- _EXERCISE_
Pictures stay out of the copy, which must hold exactly the lines from the one containing "Mizuno DryAeroFlow HZ" through the end of the material below.

#### EXERCISE MATERIALS ####

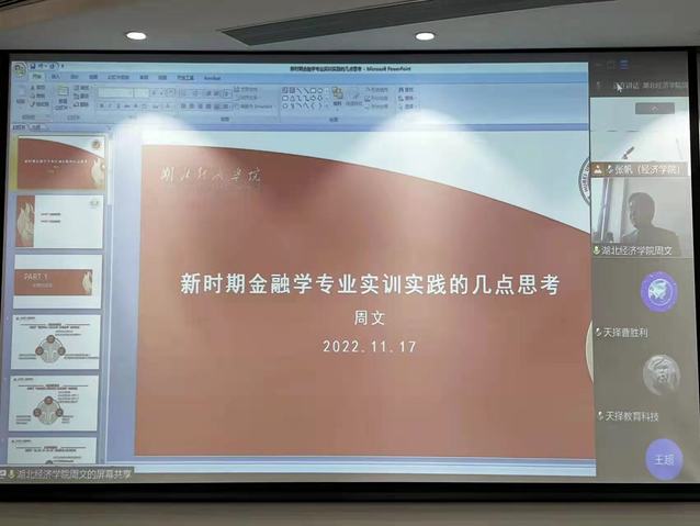在下午的主题报告环节,学院周文博士作了题为《新时期金融学专业实训实践的几点思考》,向与会专家学者汇报了yL23411永利官网登录多年来在金融学专业实训实践方面的探索情况,结合新时期金融行业的发展趋势,深入分析了金融学专业实训实践面临的挑战,和与会同行进行了广泛、有益的交流。
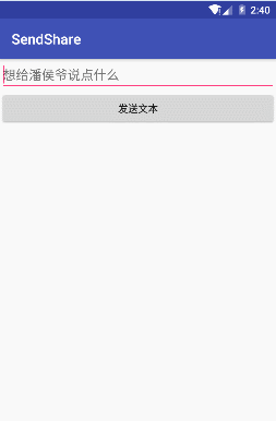 <?xml version="1.0" encoding="utf-8"?> <LinearLayout xmlns:android="http://schemas.android.com/apk/res/android" xmlns:tools="http://schemas.android.com/tools" android:id="@+id/activity_main" android:layout_width="match_parent" android:layout_height="match_parent" android:orientation="vertical" tools:context="com.example.administrator.sendshare.MainActivity"> <EditText android:id="@+id/et" android:layout_width="match_parent" android:layout_height="wrap_content" android:hint="想给潘侯爷说点什么"/> <Button android:layout_width="match_parent" android:layout_height="wrap_content" android:onClick="sendtext" android:text="发送文本" /> </LinearLayout>
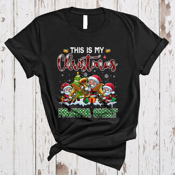 This Is My Christmas Pajama Shirt, Cute Plaid Three Santa Playing Tuba, Tuba Player Group T-Shirt
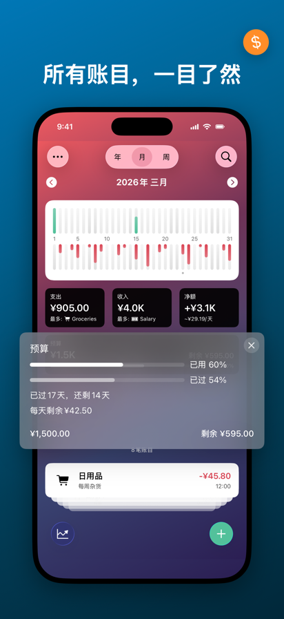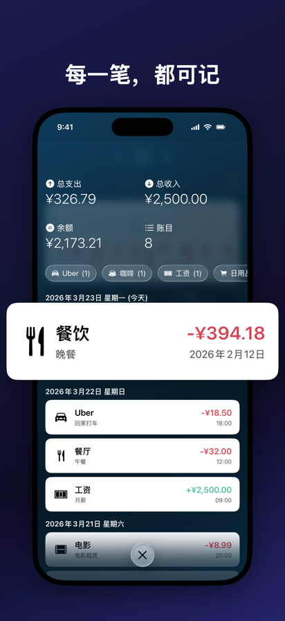 永久免费使用,高级功能可通过订阅专业版获取。 记账是一种生活态度,理应简单明了,而不是负担。 可记是一款简单、美观、智能的记账应用,帮助你快速记录日常收支,掌握消费习惯,清晰了解钱花在哪、花了多少、什么时候花的。每天只需 30 秒,就能轻松管理个人财务。 主要特性 • 极简操作 只需输入一个数字就能完成记账,所有操作都在一个界面完成。内置计算器,轻松计算收据总额。 • 精美的主屏幕小组件 无需打开应用,就能在主屏幕一眼查看预算进度和最近支出。 • 智能报表 用精美图表清晰展示收支情况。设置月预算,接近超支时即时提醒,并提供未来开销趋势预测。 • 快捷指令集成 支持 iOS 快捷指令与 Siri,无需打开应用即可添加收支,轻松实现自动化记账。 • 智能推荐 可记会记住你的常用支出,如地铁、咖啡或账单,只需轻轻一点即可快速记录。 • iCloud 云同步 在 iPhone 与 iPad 间实时同步数据,随时随地掌握账本。 • 隐私保护 所有数据仅存储在你的设备与 iCloud 中。支持密码、Touch ID 或 Face ID 加密。 Pro 专属功能 • 财务预测:根据历史记录预测未来的收支趋势。 • 多币种支持:适合旅游、出差或跨境消费。 • 收据扫描:拍照或从相册选取,AI 自动识别并填充交易信息。 • 重复交易:自动生成周期性账单和收入。 • 背景主题:使用精美动画背景,个性化你的主界面。 可记,让记账变得 轻松、优雅且高效,帮你更好地掌控金钱与生活。 使用条款: https://www.apple.com/legal/internet-services/itunes/dev/stdeula/
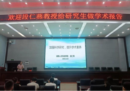 段仁燕教授主要围绕科学研究和学术素养的内涵、我国的科研现状、如何加强科学素养这三个方面的内容展开学术报告,他结合自身的经历鼓励同学们要有不断探索的精神,并要求同学们要明确自己读研的目的。在报告中,段教授反复强调提高自己的研究能力和学术素养是一个长期的过程,需要培养自主学习能力、拓展学术知识、培养批判思维能力、进行科研实践、注重学术道德与规范、加强团队合作能力才能提升自身的研究能力和学术素养。
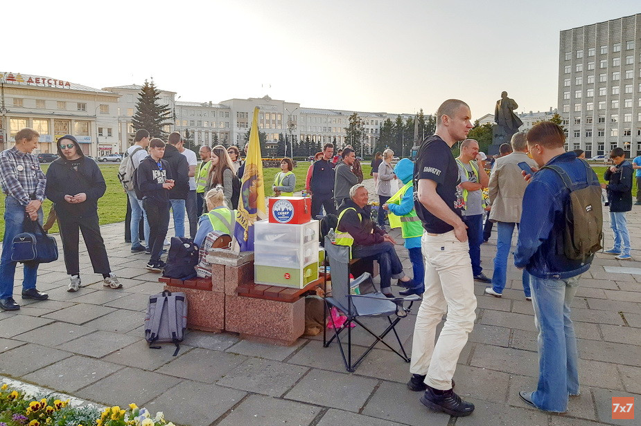 На площади Ленина в Архангельске около 70 человек вышли вечером 18 августа на протестную прогулку в поддержку задержанных полицией на станции Шиес активистов, наблюдавших за возобновлением доставки топлива на стройку полигона для московского мусора. Два человека стояли в одиночных пикетах. На прогулку пришли и туристы из других городов.
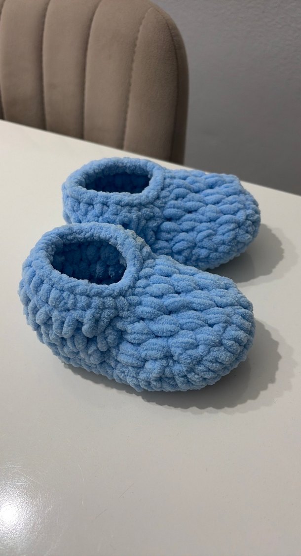 Kızlar için Mavi Örgü Yün Ev Terliği
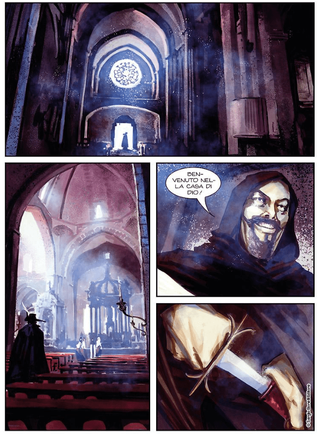 La storia, ambientata nella Spagna del Seicento, racconta preciso contesto storico e religioso, ma anche elementi del folklore locale e gitano (che Manfredi aveva già affrontato in uno dei suoi racconti di “Ultimi vampiri” e in un albo di Magico Vento) e risvolti teologici. A partire – questa è la forza delle storie di Manfredi – dai personaggi, come l’intrigante protagonista: tormentato, a tratti malinconico, ma anche risoluto e intrepido.
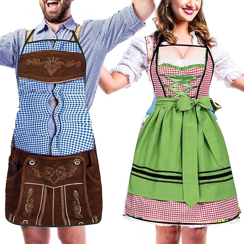 Carnevale Birra Oktoberfest 2 Pezzi Grembiule Costumi Divertenti Cameriera Coppia Oktoberfest Monaco di Baviera Wiesn Prati Coppia Per uomo Per donna Carnevale Festa della birra Panno in stile
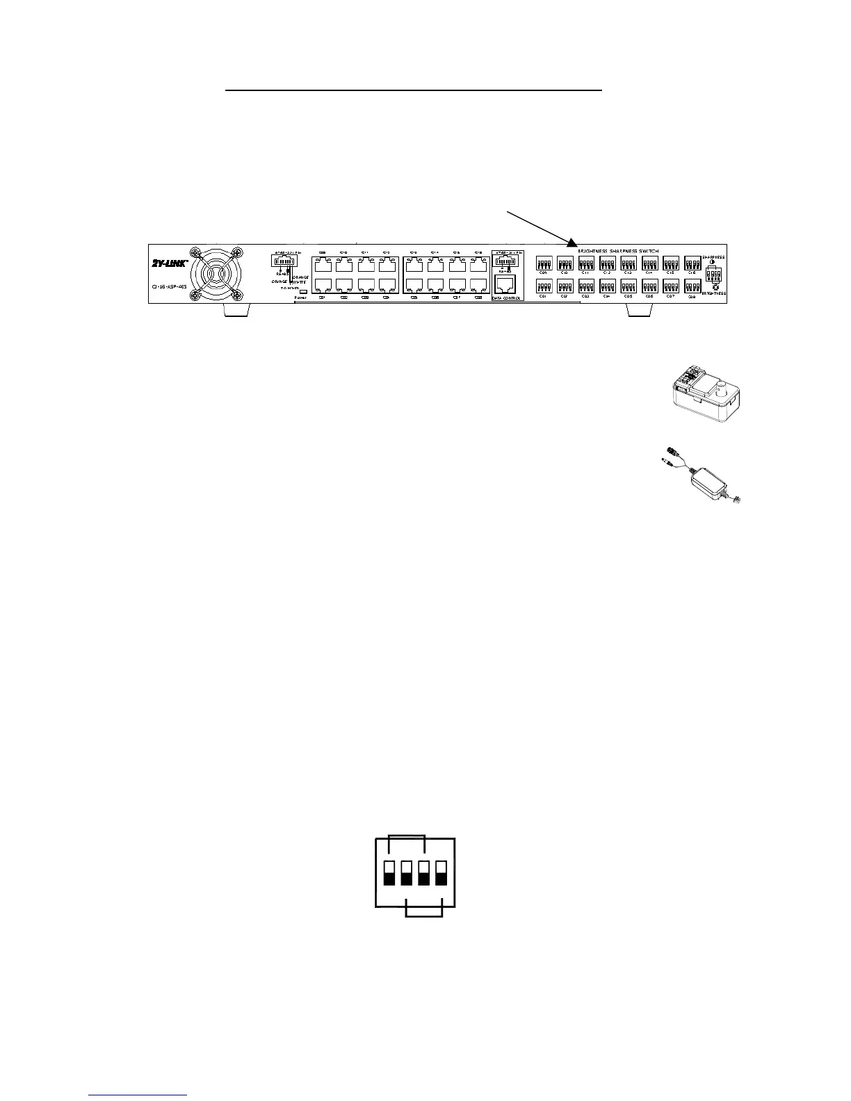 images in terms of Brightness and Sharpness (Colour) with all four Control Switches (Dip
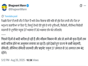 Punjab Desk: पंजाब में लगातार हो रही भारी बारिश ने हालात बिगाड़ दिए हैं। कई जिलों में पानी भरने से जनजीवन प्रभावित हो गया है। स्थिति को देखते हुए मुख्यमंत्री भगवंत मान ने राज्य के सभी स्कूलों को बंद करने का ऐलान किया है। उन्होंने मंगलवार को सोशल मीडिया प्लेटफॉर्म X (पूर्व ट्विटर) पर जानकारी साझा करते हुए बताया कि पंजाब के सभी सरकारी और निजी प्राइमरी, सेकेंडरी व सीनियर सेकेंडरी स्कूल 27 से 30 अगस्त 2025 तक बंद रहेंगे।
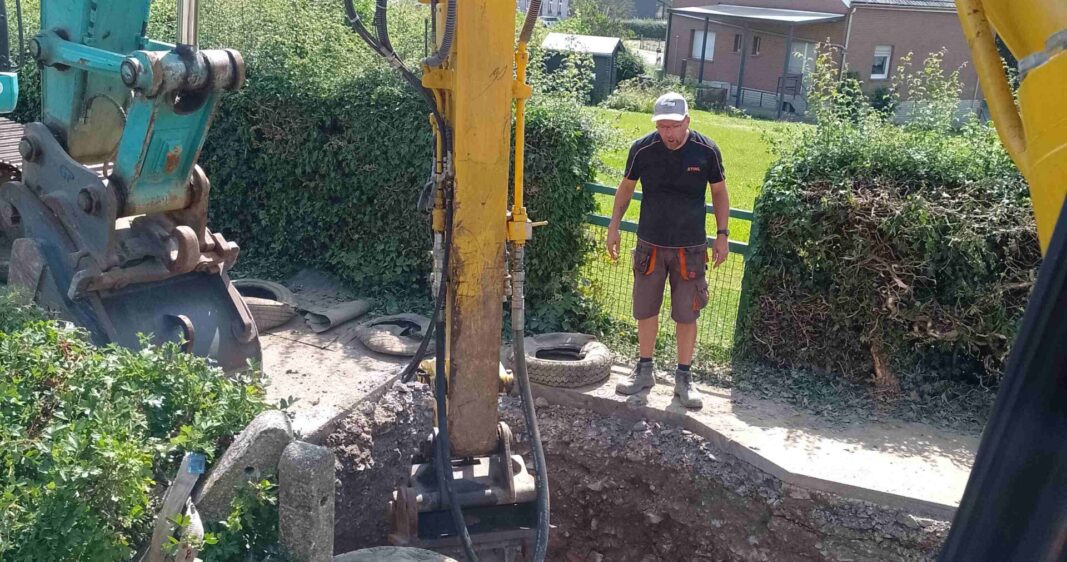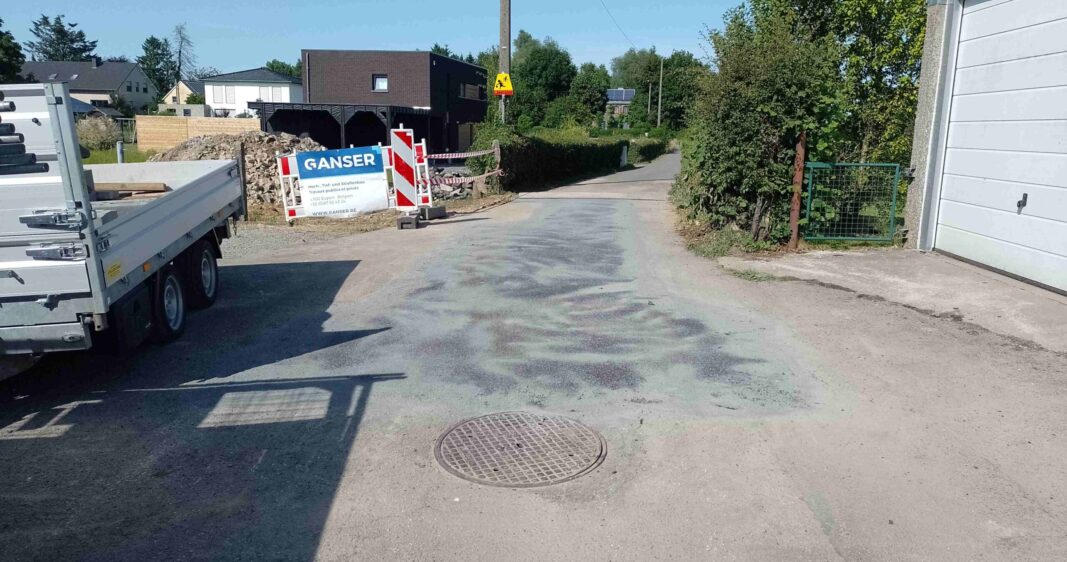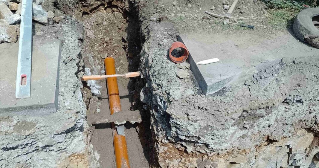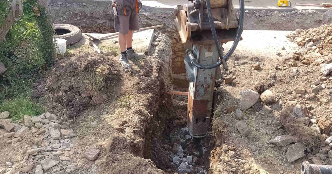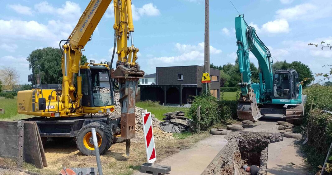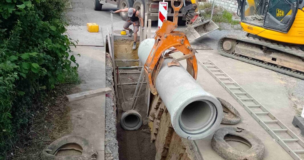 Prolongation de l’égout public, pose d’une nouvelle chambre de visite, démolition de massifs rocheux, pose du raccordement de la maison à construire, fermeture tranchées et asphaltage.
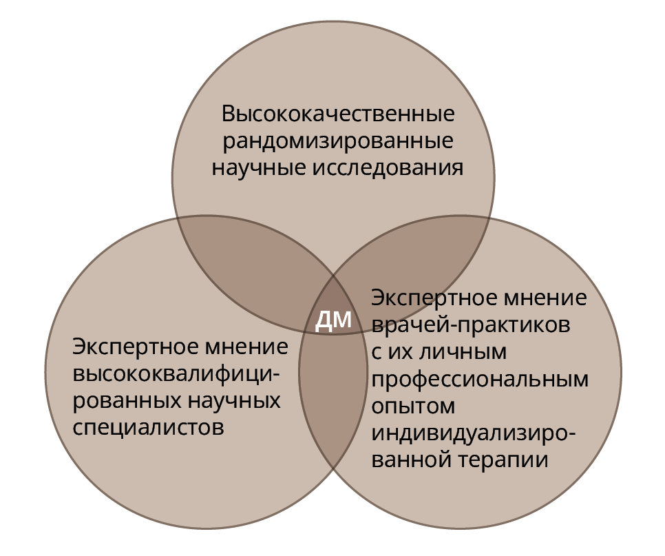 It must be underlined that the principle of Cochrane evidence1 is interpreted more broadly in the West than by the majority of its Russian adherents. Many Western proponents of RCT (EBM) consider evidence-based medicine to be centered on the patient’s personality as a whole, rather than on fragmentary symptom-related indicators tested in biological experiments. From this point of view, evidence-based medicine appears to be a process of providing medical care that involves the accumulation, interpretation, and integration of reliable, important, and reasonably applicable evidence that serves to improve the quality of clinical decisions regarding the treatment of a particular patient [26].
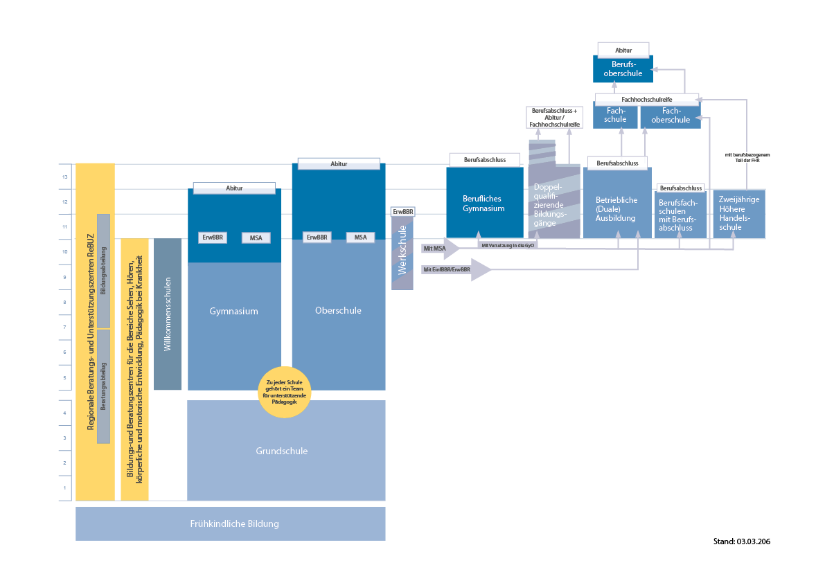 Die Schularten Oberschule und Gymnasium führen beide parallel und auf je eigenen Wegen zu den selben Zielen. Alle allgemeinbildenden Schulabschlüsse – von der Berufsbildungsreife über den Mittleren Schulabschluss bis hin zum Abitur nach dem 12. oder 13. Jahrgang – sind in den beiden Schularten möglich, alle Möglichkeiten der Förderung, sowohl für die Schwächeren als auch für die Stärkeren, werden hier genutzt.
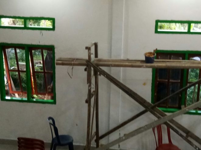 Pengecatan Bagian tembok bagian dalam bangunan gereja dlm tahap finishing
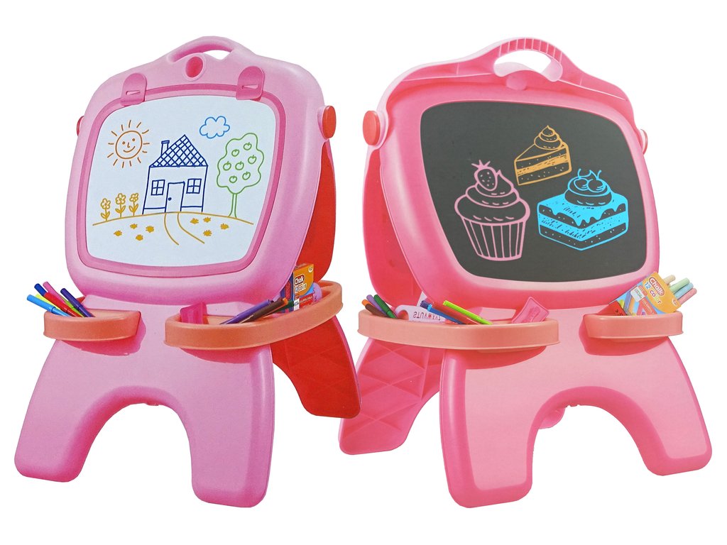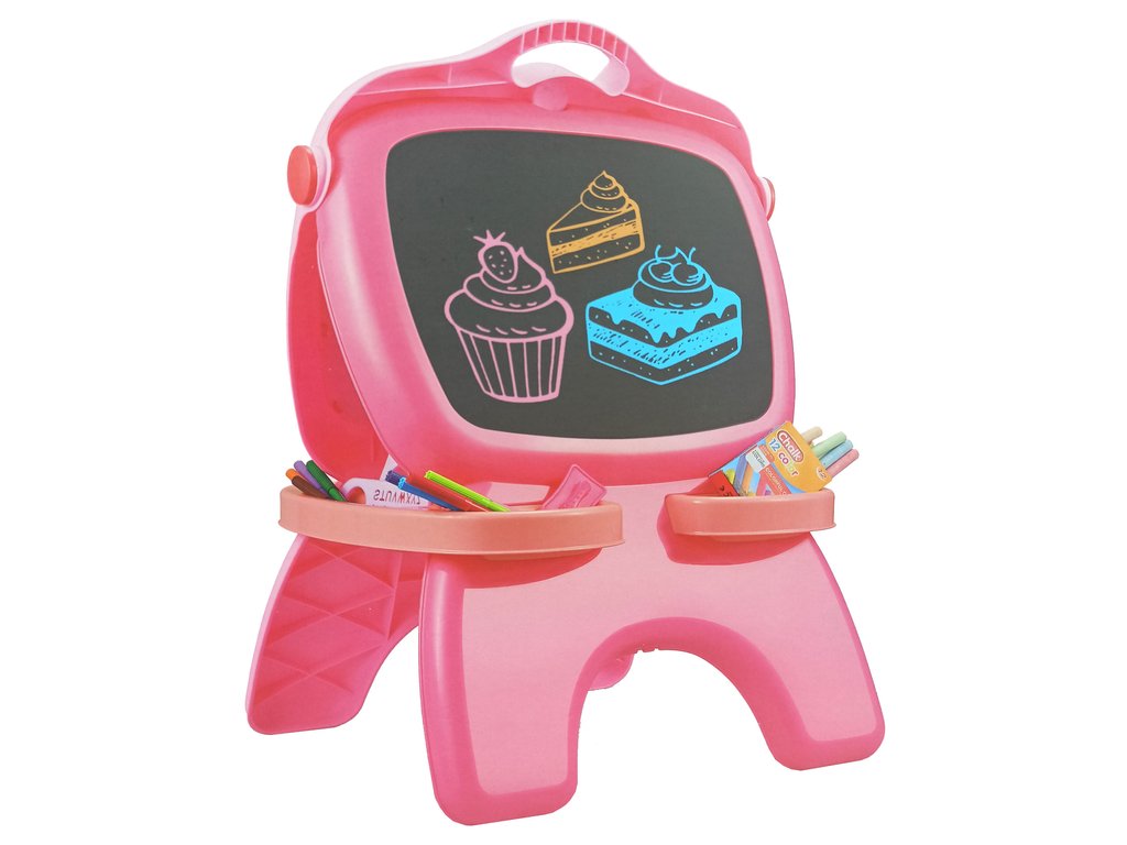 Детска двустранна магнитна дъска розова ще зарадва не само малките творци, но може да служи и като образователна играчка. Рисуването с тебешир и маркери е перфектно за дете, което обича да твори. Рисуването на дъската развива въображението, точността и координацията между око и ръка.
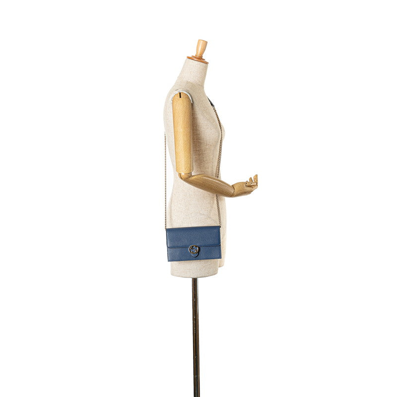 グッチ インターロッキングG 斜め掛け チェーン ショルダーバッグ 510314 ブルー レザー レディース GUCCI 【中古】
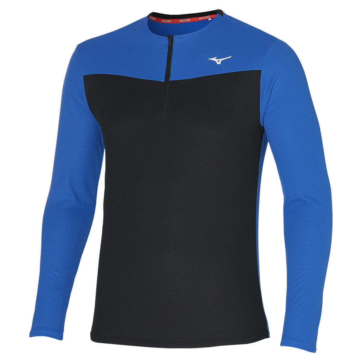 Mizuno DryAeroFlow HZ Hardloopshirt Lange Mouwen Zwart/Blauw Heren
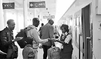 由中國企業(yè)采用全套中國標(biāo)準(zhǔn)和中國裝備建造的非洲第一條跨國現(xiàn)代電氣化鐵路——亞吉鐵路于2018年1月正式投入商業(yè)運(yùn)營。圖為3月25日,在埃塞俄比亞首都亞的斯亞貝巴,列車員在亞吉鐵路拉布車站檢票。新華社發(fā)
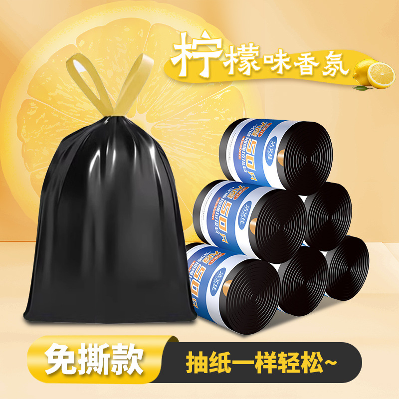 ポータブルゴミ袋、家庭用巾着キッチン、厚くて漏れないゴミ袋、便利な純黒、不透明でプライバシーを保護します。

####

- _PROBLEM SOLUTION_
 Mizuno DryAeroFlow HZ Hardloopshirt Lange Mouwen Zwart/Blauw Heren
 由中國企業(yè)采用全套中國標(biāo)準(zhǔn)和中國裝備建造的非洲第一條跨國現(xiàn)代電氣化鐵路——亞吉鐵路于2018年1月正式投入商業(yè)運(yùn)營。圖為3月25日,在埃塞俄比亞首都亞的斯亞貝巴,列車員在亞吉鐵路拉布車站檢票。新華社發(fā)
 ポータブルゴミ袋、家庭用巾着キッチン、厚くて漏れないゴミ袋、便利な純黒、不透明でプライバシーを保護します。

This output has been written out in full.